Segment Start: Material for this task
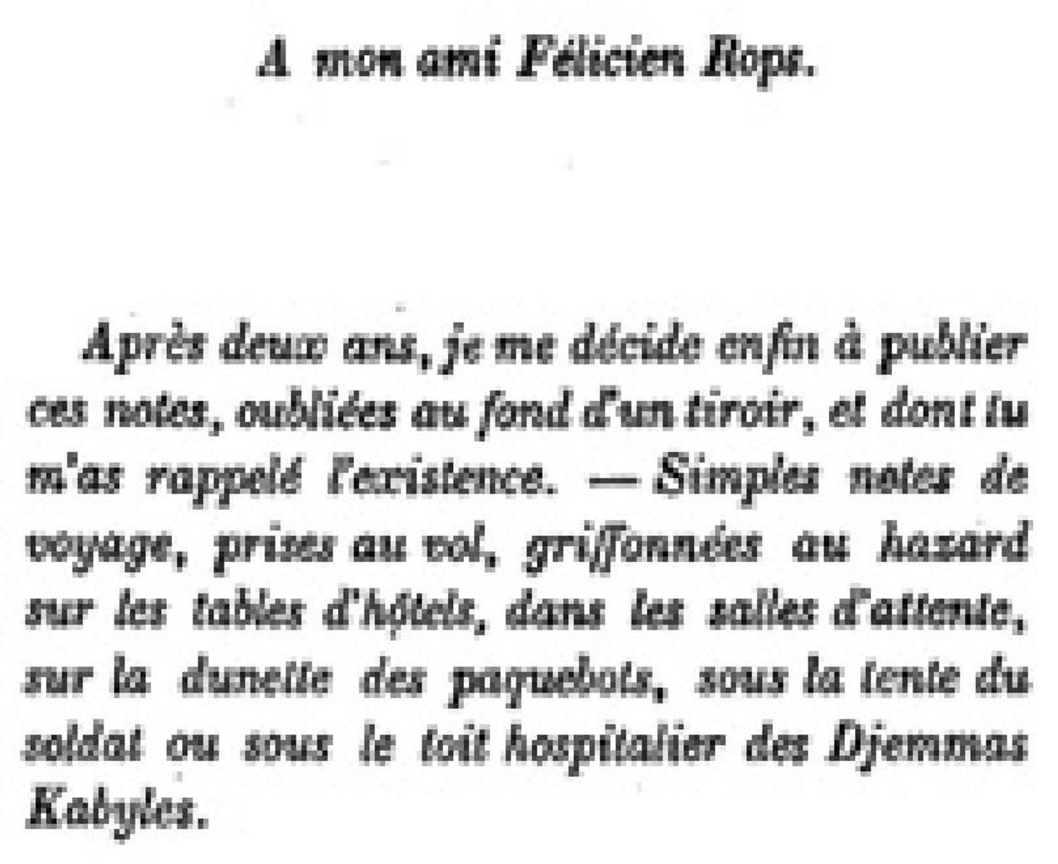 Fig.2 – Détail de la page de dédicace de l’ouvrage : Émile THAMNER, Six semaines dans l’Atlas. Notes d’un touriste. Dijon - Avignon - Nîmes - Arles - Marseille - Alger - Fort - Napoléon - Oued - Sahel - Bougie - Mustapha, Blidah - Medeah - Chiffa, etc, Bruxelles - Leipsick - Nice, Muquardt, 1872.
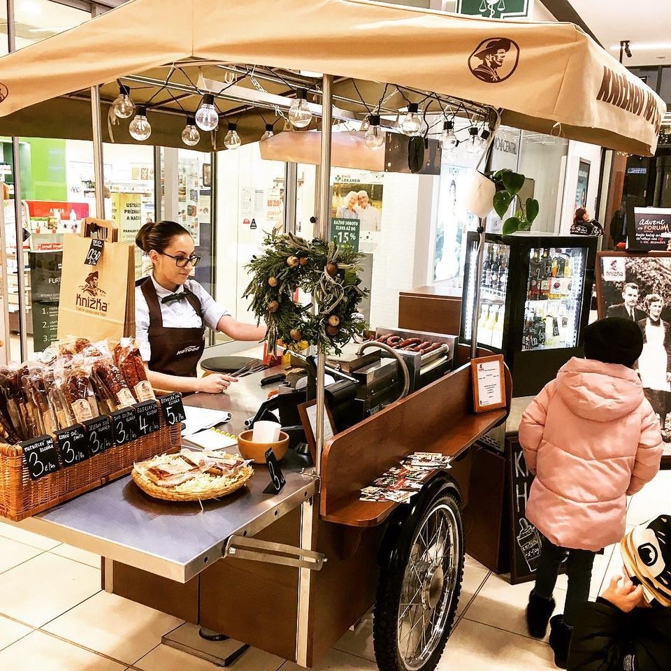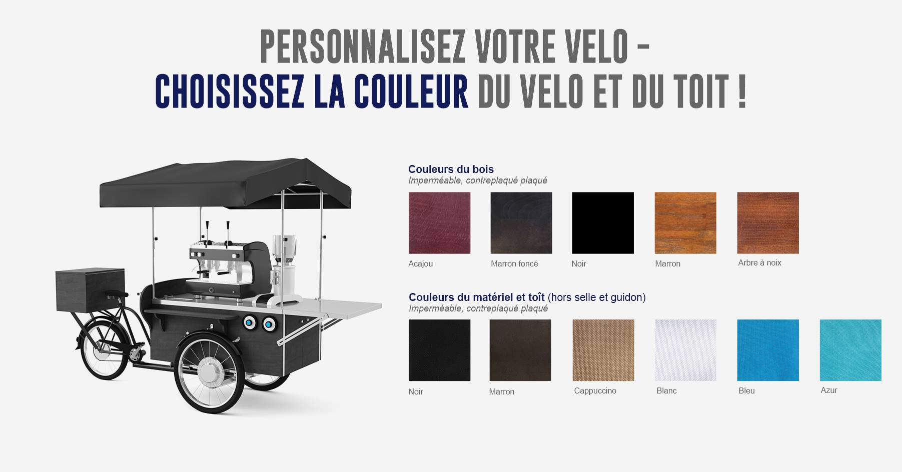 Équipements de restauration comme grill, machine à crêpes ou mixeur, accessoires comme vitrine, panneau publicitaire ou caisse à la place du porte-bagage; enfin nous choisissons l’installation électrique adéquate et le triporteur est prêt à servir.
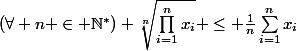 \ \sqrt[n]{\prod_{i=1}^{n}x_i} \leq \frac{1}{n}\sum_{i=1}^{n}x_i)
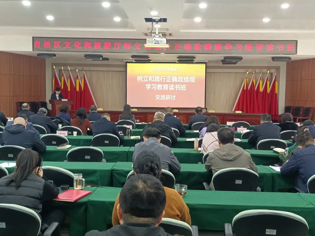 读书班坚持读原著、学原文、悟原理,系统学习《习近平关于树立和践行正确政绩观论述摘编》,深入学习习近平总书记在党的二十届四中全会、中央经济工作会议、二十届中央纪委五次全会、省部级主要领导干部专题研讨班上的重要讲话精神,深刻领悟正确政绩观的核心要义与实践要求;重温习近平总书记三次考察宁夏重要讲话精神,进一步明晰文旅发展方向路径;组织观看中央党校刘余莉教授专题讲座,通过权威辅导深化理解认识;深入研读“十五五”规划建议、自治区第十三次党代会和历次全会精神,确保党中央和自治区决策部署在文旅系统一贯到底。交流研讨突出文旅主责主业,厅领导班子成员带头发言,厅机关及直属单位9名处级领导干部结合文旅发展规划编制、文物保护利用、文艺事业健康发展、公共文化服务效能提升、文旅产业提质增效、文旅行业安全发展、文化市场监管执法等重点领域,谈认识、查不足、明方向、定举措,切实将正确政绩观融入文旅工作全过程,真正把学习成果转化为推动宁夏文化和旅游高质量发展的务实行动。
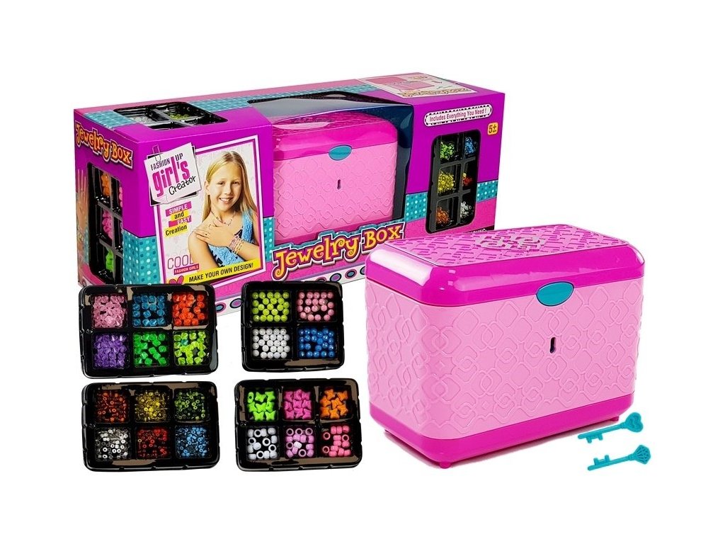 Sada různobarevných korálků a doplňků užitečných pro vlastní tvorbu šperků jistě osloví každou mladou dámu. Velká, kreativní sada se skládá z velkého množství prvků, stejně jako růžovo-fialového kufříku se zrcadlem uvnitř, které lze použít jako pouzdro pro ukládání ručně vyráběných dekorací a doplňků. Tato báječná sada cetek jistě splní sen každé dívky, která má ráda ruční práce a módu.
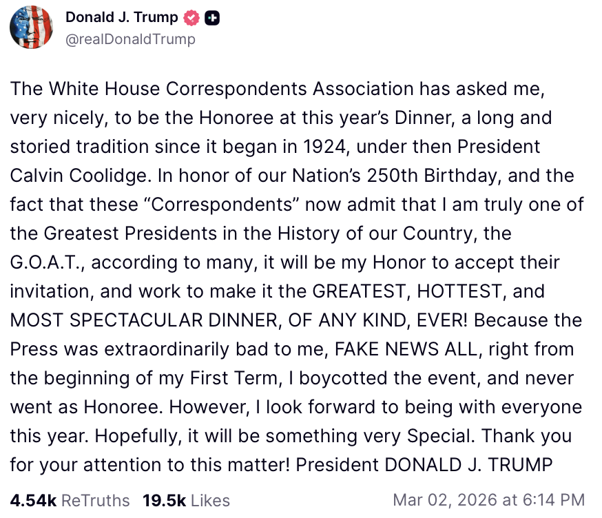 The White House Correspondents Association has asked me, very nicely, to be the Honoree at this year’s Dinner, a long and storied tradition since it began in 1924, under then President Calvin Coolidge. In honor of our Nation’s 250th Birthday, and the fact that these “Correspondents” now admit that I am truly one of the Greatest Presidents in the History of our Country, the G.O.A.T., according to many, it will be my Honor to accept their invitation, and work to make it the GREATEST, HOTTEST, and MOST SPECTACULAR DINNER, OF ANY KIND, EVER! Because the Press was extraordinarily bad to me, FAKE NEWS ALL, right from the beginning of my First Term, I boycotted the event, and never went as Honoree. However, I look forward to being with everyone this year. Hopefully, it will be something very Special. Thank you for your attention to this matter! President DONALD J. TRUMP
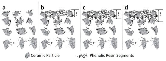 Idealized schematic of the vacuum-assisted phenolic impregnation method for the S-T substrates (a) first impregnation, and second impregnation for phenolic resin concentrations of (b) 1 wt %, (c) 5 wt %, and (d) 10 wt % and the phenolic resin thickness (t).
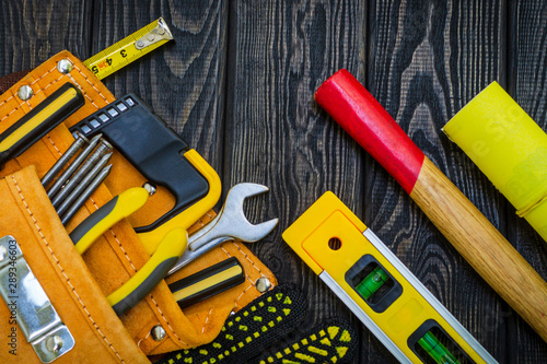 Tools in the bag for carpentry and accessories on a wooden black vintage background.
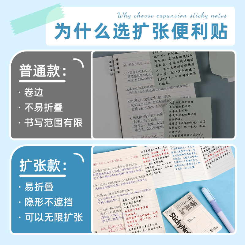 扩张便利贴初中生专用扩张贴便签纸便签本学生用考研扩展便利贴有粘性拓展便利贴笔记贴便利签可撕开学文具
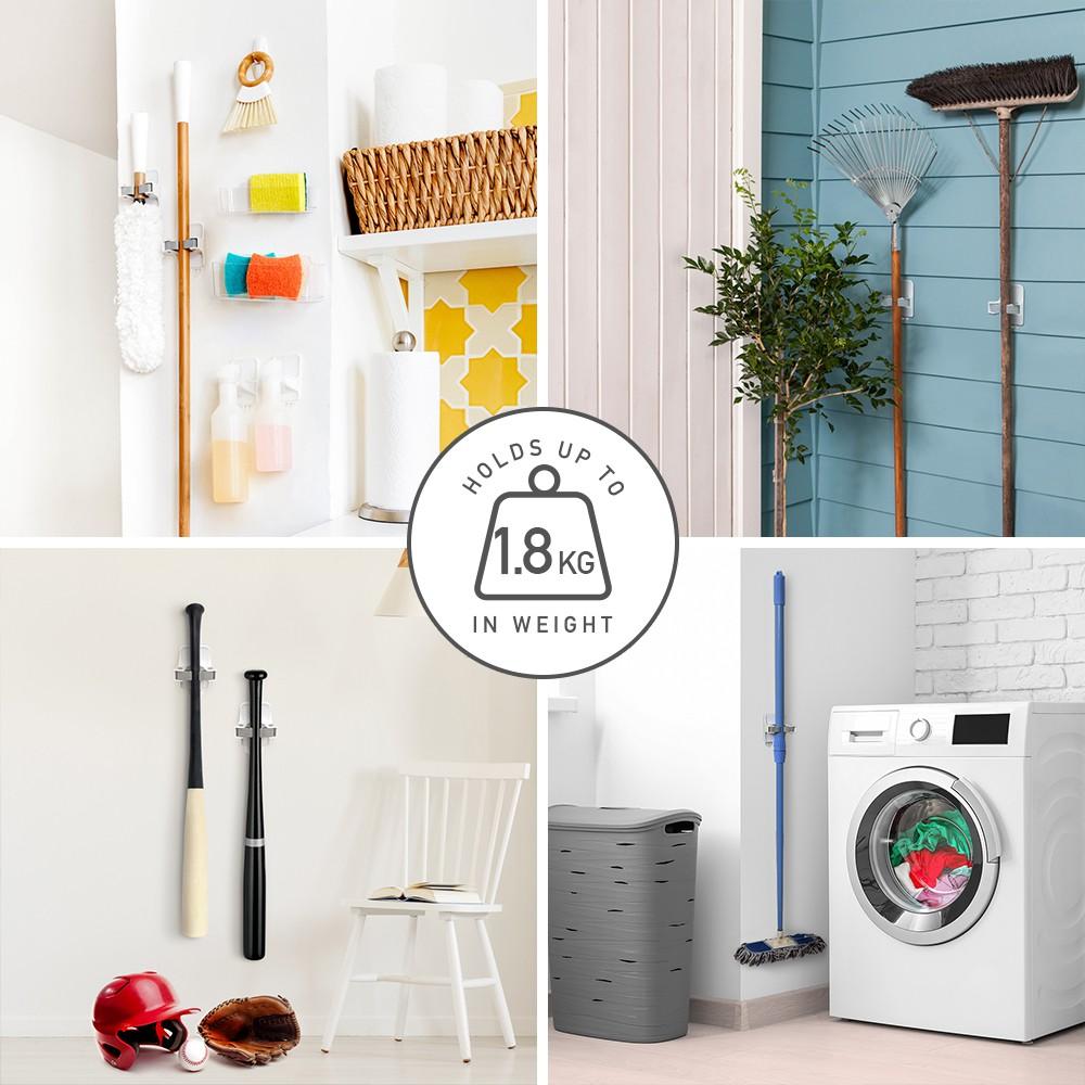 Giá Móc Treo Kẹp Cán Chổi, Cây Lau Nhà Gắn Tường, Sử Dụng Miếng Dán Siêu Chắc, TakyHome, Sản Phẩm Tiện Dụng Gia Đình. - Móc treo chổi có thể sử dụng trên nhiều bề
Segment End: Material for this task
=== Action item ===
Both ends included, copy the lines from the one holding "读书班坚持读原著、学原文、悟" to the last line of the entries exactly, with all pictures left out.

=== Solution to this task ===
 读书班坚持读原著、学原文、悟原理,系统学习《习近平关于树立和践行正确政绩观论述摘编》,深入学习习近平总书记在党的二十届四中全会、中央经济工作会议、二十届中央纪委五次全会、省部级主要领导干部专题研讨班上的重要讲话精神,深刻领悟正确政绩观的核心要义与实践要求;重温习近平总书记三次考察宁夏重要讲话精神,进一步明晰文旅发展方向路径;组织观看中央党校刘余莉教授专题讲座,通过权威辅导深化理解认识;深入研读“十五五”规划建议、自治区第十三次党代会和历次全会精神,确保党中央和自治区决策部署在文旅系统一贯到底。交流研讨突出文旅主责主业,厅领导班子成员带头发言,厅机关及直属单位9名处级领导干部结合文旅发展规划编制、文物保护利用、文艺事业健康发展、公共文化服务效能提升、文旅产业提质增效、文旅行业安全发展、文化市场监管执法等重点领域,谈认识、查不足、明方向、定举措,切实将正确政绩观融入文旅工作全过程,真正把学习成果转化为推动宁夏文化和旅游高质量发展的务实行动。
 Sada různobarevných korálků a doplňků užitečných pro vlastní tvorbu šperků jistě osloví každou mladou dámu. Velká, kreativní sada se skládá z velkého množství prvků, stejně jako růžovo-fialového kufříku se zrcadlem uvnitř, které lze použít jako pouzdro pro ukládání ručně vyráběných dekorací a doplňků. Tato báječná sada cetek jistě splní sen každé dívky, která má ráda ruční práce a módu.
 The White House Correspondents Association has asked me, very nicely, to be the Honoree at this year’s Dinner, a long and storied tradition since it began in 1924, under then President Calvin Coolidge. In honor of our Nation’s 250th Birthday, and the fact that these “Correspondents” now admit that I am truly one of the Greatest Presidents in the History of our Country, the G.O.A.T., according to many, it will be my Honor to accept their invitation, and work to make it the GREATEST, HOTTEST, and MOST SPECTACULAR DINNER, OF ANY KIND, EVER! Because the Press was extraordinarily bad to me, FAKE NEWS ALL, right from the beginning of my First Term, I boycotted the event, and never went as Honoree. However, I look forward to being with everyone this year. Hopefully, it will be something very Special. Thank you for your attention to this matter! President DONALD J. TRUMP
 Idealized schematic of the vacuum-assisted phenolic impregnation method for the S-T substrates (a) first impregnation, and second impregnation for phenolic resin concentrations of (b) 1 wt %, (c) 5 wt %, and (d) 10 wt % and the phenolic resin thickness (t).
 Tools in the bag for carpentry and accessories on a wooden black vintage background.
 扩张便利贴初中生专用扩张贴便签纸便签本学生用考研扩展便利贴有粘性拓展便利贴笔记贴便利签可撕开学文具
 Giá Móc Treo Kẹp Cán Chổi, Cây Lau Nhà Gắn Tường, Sử Dụng Miếng Dán Siêu Chắc, TakyHome, Sản Phẩm Tiện Dụng Gia Đình. - Móc treo chổi có thể sử dụng trên nhiều bề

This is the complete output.